Asymptotic convergence for a class of anisotropic curvature flows

In this paper, by using new auxiliary functions, we study a class of contracting flows of closed, star-shaped hypersurfaces in $\mathbb{R}^{n+1}$ with speed $r^{\frac{\alpha}{\beta}}\sigma_k^{\frac{1}{\beta}}$, where $\sigma_k$ is the $k$-th elementary symmetric polynomial of the principal curvatures, $\alpha$, $\beta$ are positive constants and $r$ is the distance from points on the hypersurface to the origin.

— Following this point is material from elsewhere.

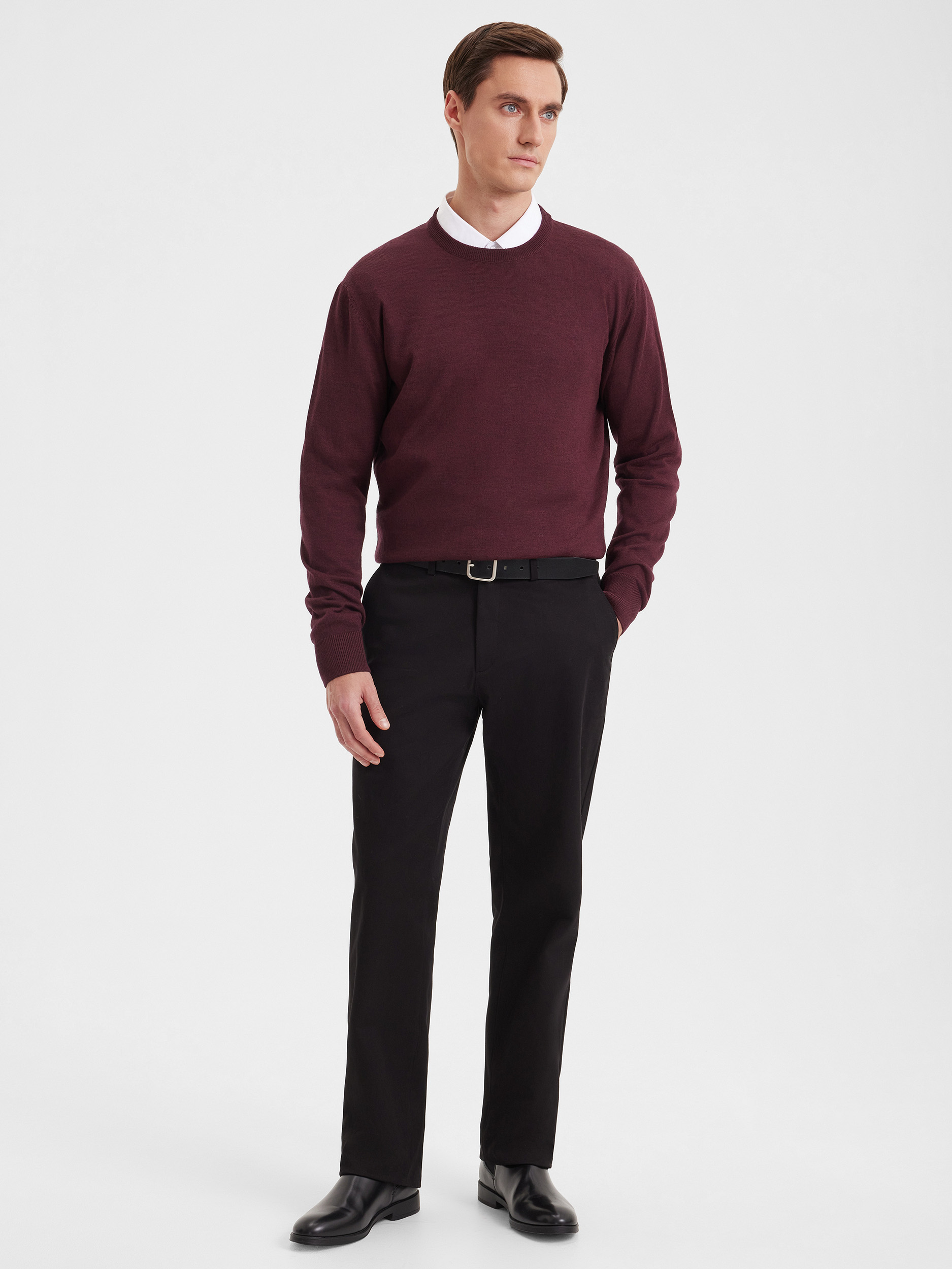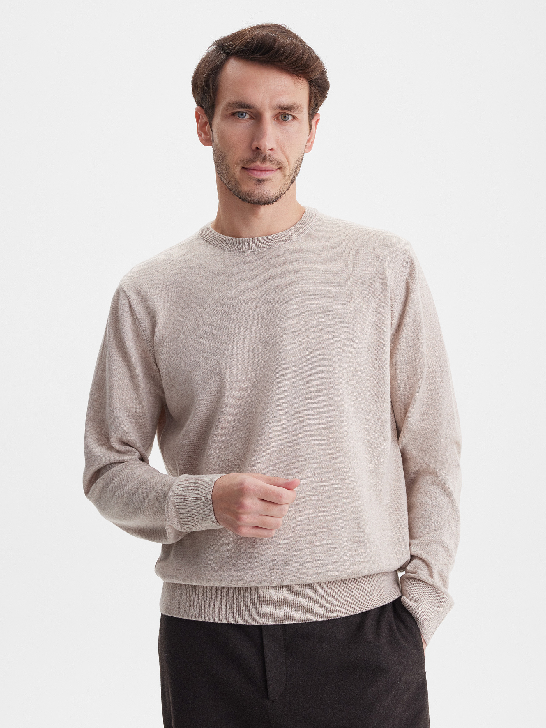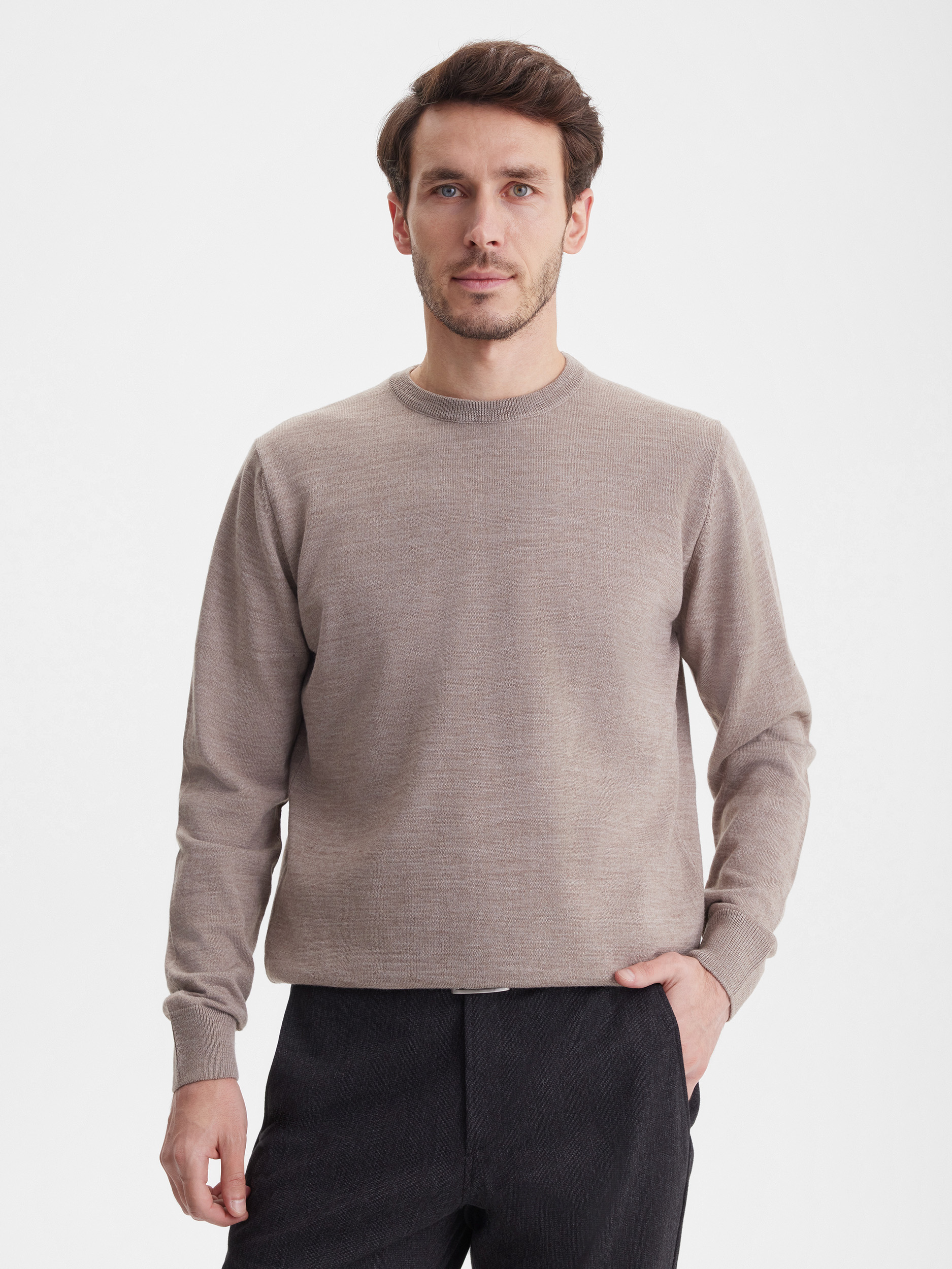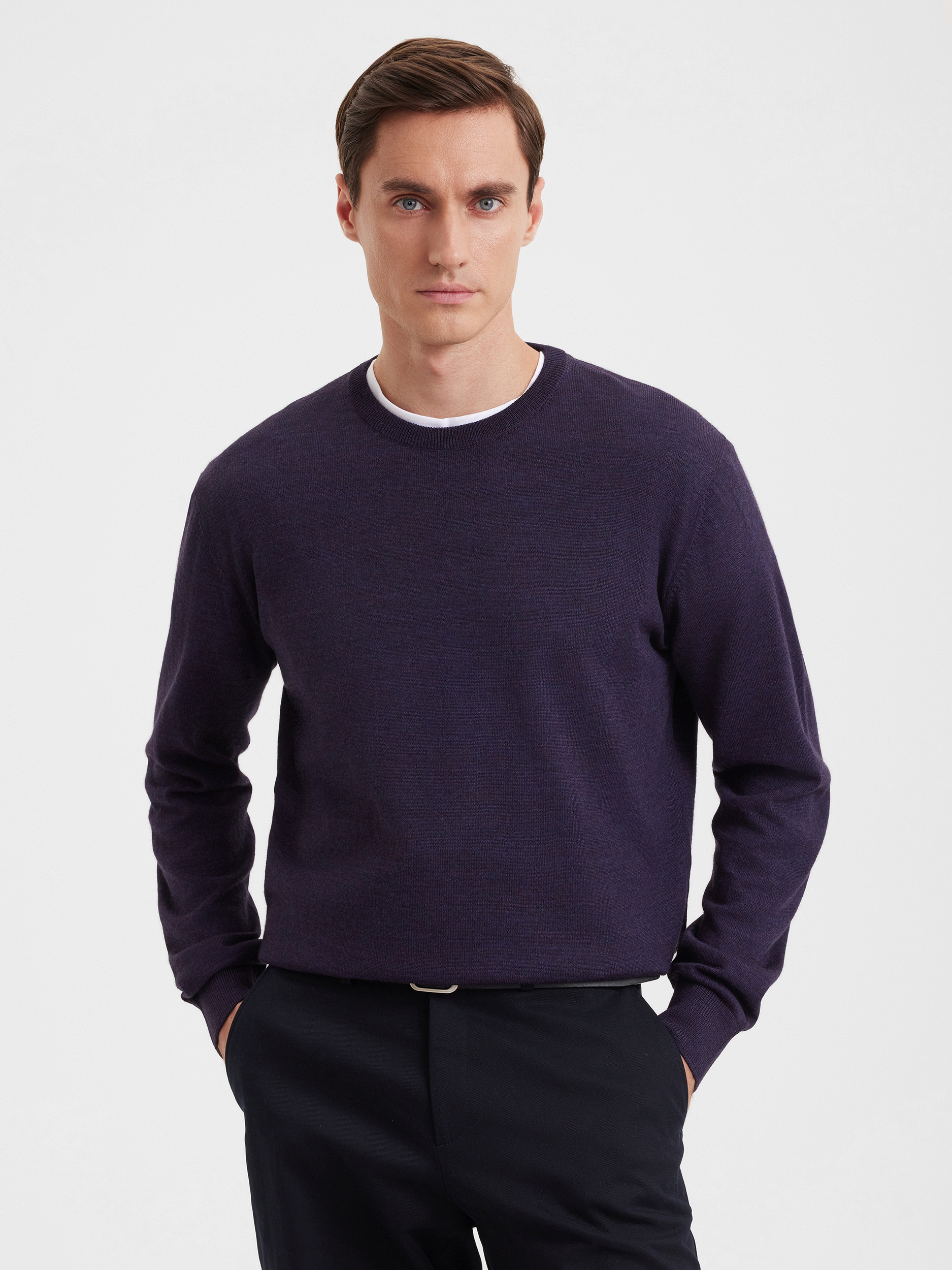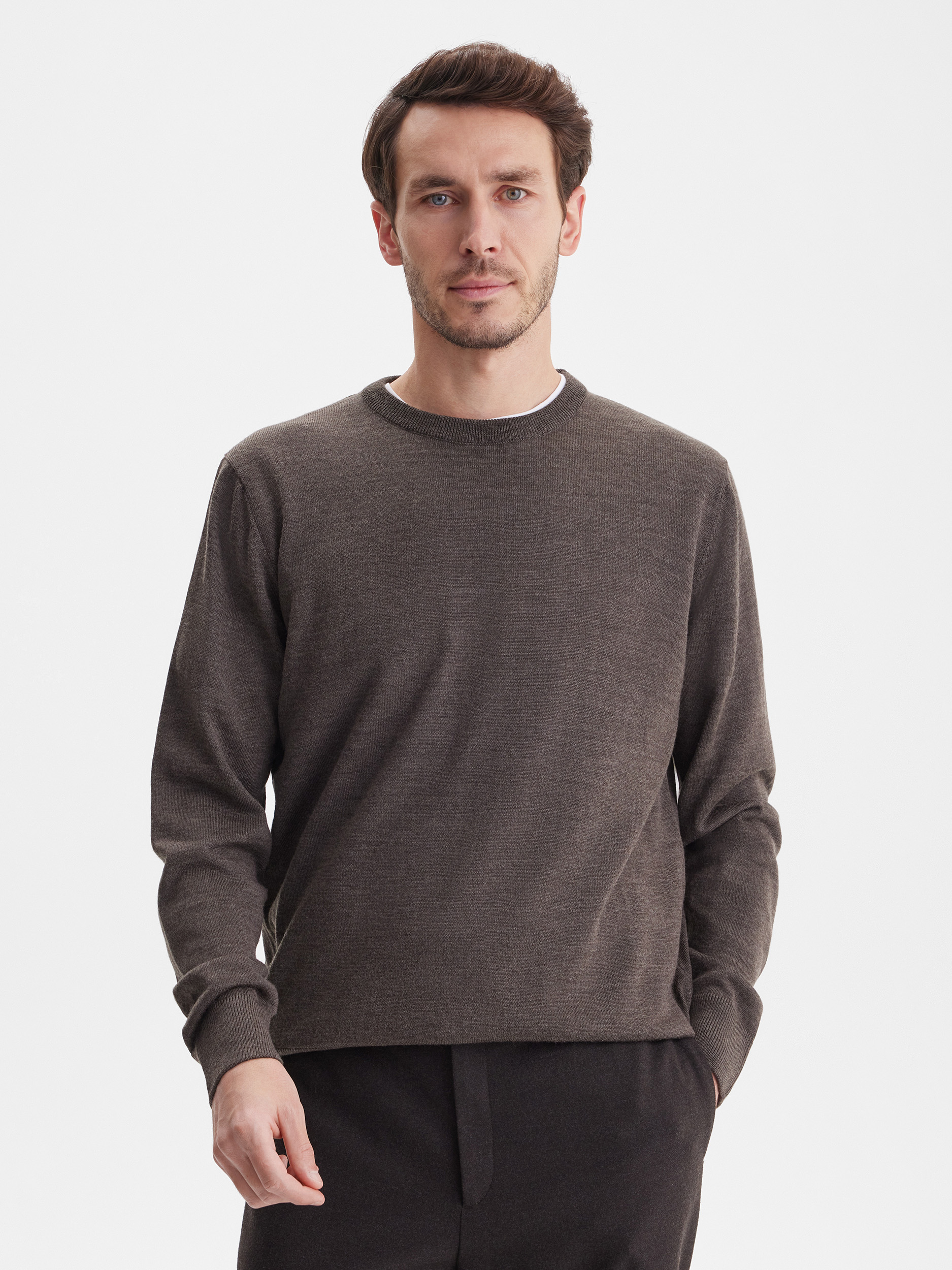 Тонкий класический джемпер из смесового трикотажа. В составе тонкая шерсть мериносовых овец и акрил. Круглый вырез, прямой рукав. Универсальная модель в урбанистическом стиле, базовая вещь для создания стильных повседневных аутфитов для офиса, прогулок и путешествий.

We obtain convergence results under some assumptions of $k$, $\alpha$, $\beta$. When $k\geq2$, $0<\beta\leq 1$, $\alpha\geq \beta+k$, we prove that the $k$-convex solution to the flow exists for all time and converges smoothly to a sphere after normalization, in particular, we generalize Li-Sheng-Wang's result from uniformly convex to $k$-convex. When $k \geq 2$, $\beta=k$, $\alpha \geq 2k$, we prove that the $k$-convex solution to the flow exists for all time and converges smoothly to a sphere after normalization, in particular, we generalize Ling Xiao's result from $k=2$ to $k \geq 2$.